The chairman of the Joint Chiefs of Staff has confirmed that some of the active-duty service members mobilized to Washington, DC, last month to respond to civil unrest were issued bayonets.

And Defense Department documents show that some were not trained in riot response before they were deployed to the nation’s capital, according to the Associated Press, which first reported about the bayonets.

Members of the Army’s famed 82nd Airborne Division from Fort Bragg, N.C., and the 3rd US Infantry Regiment, which is based in DC and usually guards the Tomb of the Unknown Soldier, were mobilized last month to respond to massive protests over the police killing of George Floyd and police brutality.

But they were never actually sent to confront the protesters after they arrived in DC, with Attorney General William Barr saying that they’d be used only as a “last resort.”

The soldiers were issued bayonets for their June 2 deployment — but told they were to remain in their scabbards and not attached to their service rifles, Joint Chiefs Chairman Army Gen. Mark A. Milley wrote to two lawmakers in a letter obtained by the AP.

The soldiers were also told no weapons were to enter the capital without clear orders and only after nonlethal options were first reviewed, he said.

Milley said the order to mobilize the troops came from Major Army Gen. Omar Jones, who serves as commander of the military district of Washington.

His letter, dated June 26, was sent to two Democratic Congressmen, Rep. Raja Krishnamoorthi of Illinois, and Rep. Ted Lieu of California, who asked him for an explanation after the AP first reported on the use of bayonets on June 2.

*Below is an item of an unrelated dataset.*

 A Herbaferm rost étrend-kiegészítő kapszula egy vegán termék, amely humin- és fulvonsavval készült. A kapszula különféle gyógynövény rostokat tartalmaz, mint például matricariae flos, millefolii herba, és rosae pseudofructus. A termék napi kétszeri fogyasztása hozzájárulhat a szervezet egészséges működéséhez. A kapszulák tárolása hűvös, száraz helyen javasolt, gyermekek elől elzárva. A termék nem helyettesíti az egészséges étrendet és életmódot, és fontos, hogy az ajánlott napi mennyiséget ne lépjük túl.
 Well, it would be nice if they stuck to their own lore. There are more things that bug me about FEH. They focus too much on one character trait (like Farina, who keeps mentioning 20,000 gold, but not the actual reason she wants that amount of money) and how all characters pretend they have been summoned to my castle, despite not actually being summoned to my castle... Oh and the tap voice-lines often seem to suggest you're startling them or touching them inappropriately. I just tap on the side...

Roughly 700 members of the 82nd Airborne Division were sent to two military bases near the District Capitol Area.

The soldiers were armed with live-rounds, bayonets, and riot gear.

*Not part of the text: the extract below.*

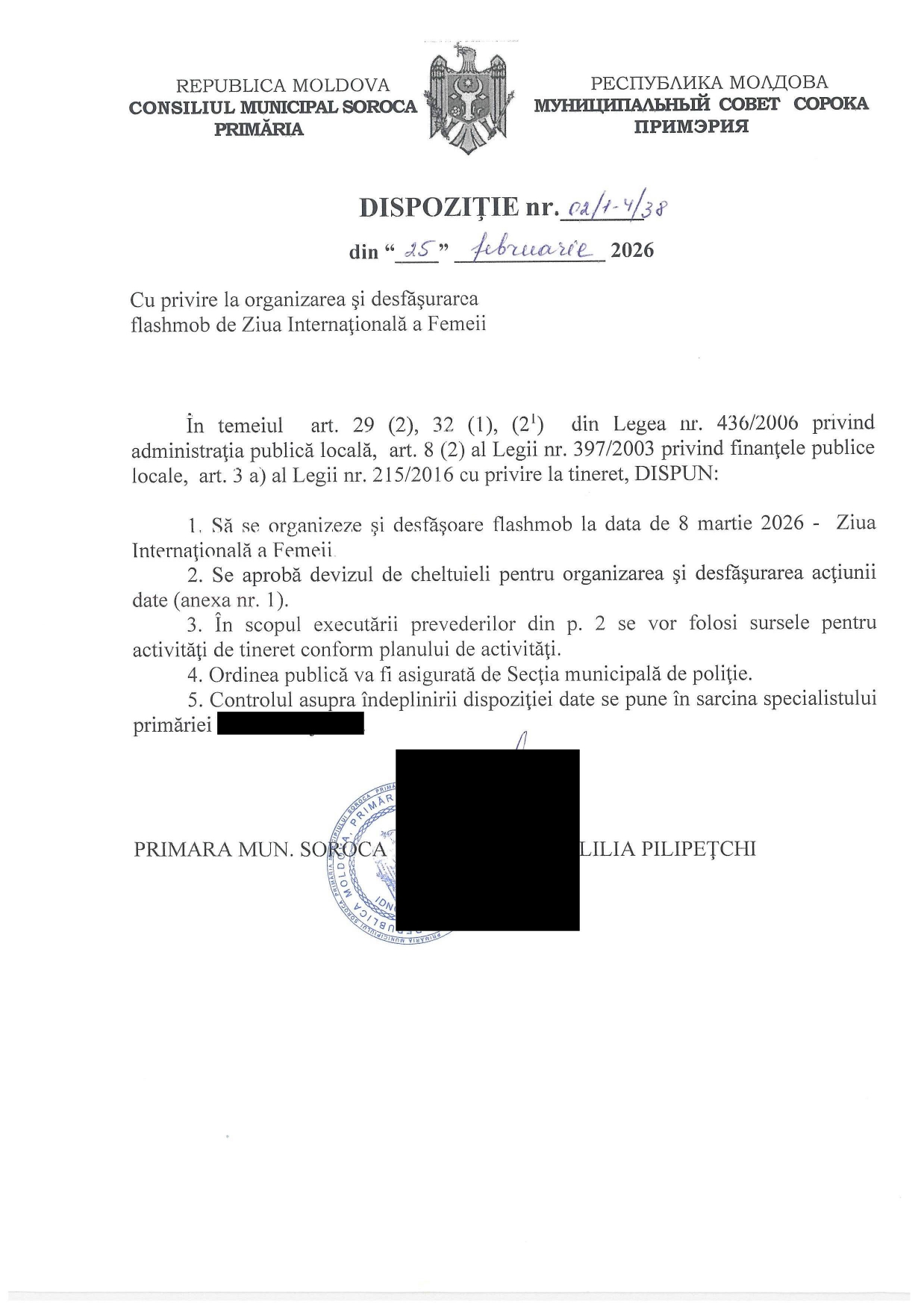 Primăria municipiului Soroca a emis o dispoziție oficială privind organizarea unui flashmob dedicat Zilei Internaționale a Femeii, care va avea loc pe 8 martie 2026. Evenimentul va include oferirea a 700 de lalele, achiziționate din bugetul destinat activităților de tineret, cu o valoare totală de 21.000 de lei.

Division paratroopers were sent back to Fort Bragg on June 4, just days after they arrived.

An unclassified military document obtained by the AP showed that some of the soldiers were not prepared to deal with the protesters. Instead, commanders planned to give paratroopers the proper training within 96 hours of their arrival in Washington, the document shows.

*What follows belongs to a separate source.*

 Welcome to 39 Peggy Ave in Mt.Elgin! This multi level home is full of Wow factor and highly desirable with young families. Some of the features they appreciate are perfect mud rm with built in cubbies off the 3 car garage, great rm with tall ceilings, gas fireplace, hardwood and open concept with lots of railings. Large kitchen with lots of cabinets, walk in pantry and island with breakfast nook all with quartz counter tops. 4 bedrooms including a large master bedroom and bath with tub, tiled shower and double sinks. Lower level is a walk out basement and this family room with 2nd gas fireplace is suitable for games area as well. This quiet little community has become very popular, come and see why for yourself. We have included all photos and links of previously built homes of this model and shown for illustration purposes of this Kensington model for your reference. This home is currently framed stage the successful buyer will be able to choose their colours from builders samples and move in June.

While some infantry soldiers are trained in crowd control, especially those preparing for an overseas deployment, they don’t typically undergo training for riot control and domestic civil unrest.

In a letter to Milley on June 22, Krishnamoorthi and Lieu expressed concern that the use of bayonets could escalate any potential violence at the protests.

They drew parallels to the 1970 Kent State shootings in which four students were killed by National Guardsmen.

“The escalation and violence leading up to and following those killings included those same troops meeting peaceful demonstrators with bayonets,” wrote Krishnamoorthi and Lieu.

In his response, Milley stopped short of agreeing to bar service members from deploying to domestic protests with bayonets, saying the decision would depend on circumstances.

In a joint statement to the AP, the lawmakers responded: “While we are grateful for General Milley’s responses to our questions concerning the arming of troops with bayonets for potential deployment against protesters, we were disappointed he was not willing to commit to banning the practice.”

The bayonet news broke at the same time the AP first reported that President Trump ordered military aircraft to fly above demonstrators in a “show of force,” according to two Defense Department officials, who insisted on anonymity because they were not authorized to discuss ongoing operations publicly.

Show-of-force missions within the US military are designed to intimidate an opposing force and to warn of potential military action if provoked further.

Army Secretary Ryan McCarthy told reporters that the incident involving an Army National Guard medical evacuation helicopter that hovered low over protesters in Washington, D.C., was under investigation.

Milley also found himself embroiled in controversy over the White House’s response to the protesters, especially after he walked in combat fatigues with Trump to St. John’s Church after passing through Lafayette Park, which the military had forcefully cleared of protesters beforehand.

He later apologized and said he “should not have been there.”